In the context of bullying, it is notable that you have articulated a clear sense of internal boundaries, namely that the other person was not your direct supervisor. This awareness enables you to effectively argue your case when faced with infringement, as you are aware of the rationale behind the action.
One can begin with a relatively straightforward task. When one experiences anger but is reluctant to express it, it is helpful to inquire of oneself what one is truly afraid of.
The notion that one's actions may result in the unhappiness of others is a common source of stress.
One might inquire, however, whether there is an obligation to sacrifice one's own feelings in order to make others happy. Furthermore, one might ask what the consequences would be if they were truly unhappy.
Select the simplest action you have previously avoided and attempt to perform it deliberately. Should you discover that no adverse consequences ensue, then attempt it again.
It is also recommended to seek assistance. One may choose to discuss these repressed thoughts with a trusted family member or friend, or with a professional counselor or psychotherapist. The input of others can facilitate greater self-awareness and facilitate more rapid growth.
My name is Teng Ying, and I am a psychological counselor at YI. I hope this information is helpful to you.


Comments
I can totally relate to feeling stuck in a pattern of reacting the way we've always reacted. It's hard to break out of that, but maybe starting with small steps, like practicing assertiveness in lowstakes situations, could help build up confidence.

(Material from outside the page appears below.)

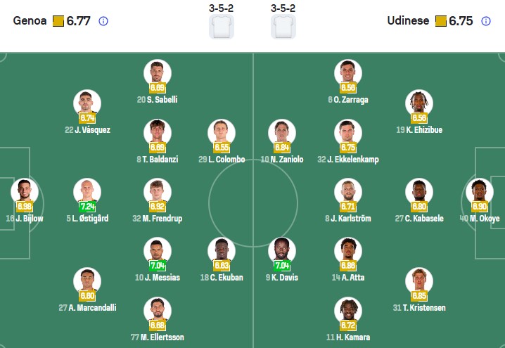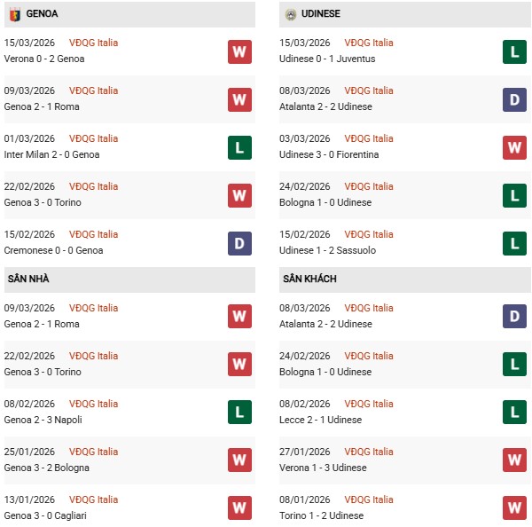 Ở trận đấu gần nhất, Genoa và Udinese có kết quả trái ngược tại Serie A 2025/26. Trong khi Genoa đánh bại Verona với tỷ số 2-0 thì Udinese thua 0-1 trước Juventus.

It sounds really tough to have those feelings carry over from childhood into adulthood. Sometimes talking to someone who has a bit more distance from the situation, like a counselor, can offer new perspectives and tools for handling these emotions.

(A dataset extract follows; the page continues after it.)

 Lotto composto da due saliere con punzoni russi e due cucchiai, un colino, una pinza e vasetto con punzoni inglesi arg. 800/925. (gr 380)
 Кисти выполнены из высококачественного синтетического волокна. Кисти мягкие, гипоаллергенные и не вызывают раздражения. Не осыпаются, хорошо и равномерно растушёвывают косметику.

I think it's important to acknowledge that what happened wasn't your fault. Recognizing this might be a first step. Building selfcompassion and understanding that everyone has their own battles can also help in not taking things personally.
Buying snacks was a kind gesture, yet it seems like you felt it was more about seeking approval. Maybe next time, you could do something nice without expecting anything in return, just for the sake of kindness, which might feel more empowering.
It's understandable to feel afraid after being reprimanded, especially by someone in a position of authority. Perhaps setting boundaries and learning to say no when appropriate could be a way to regain some control over your interactions.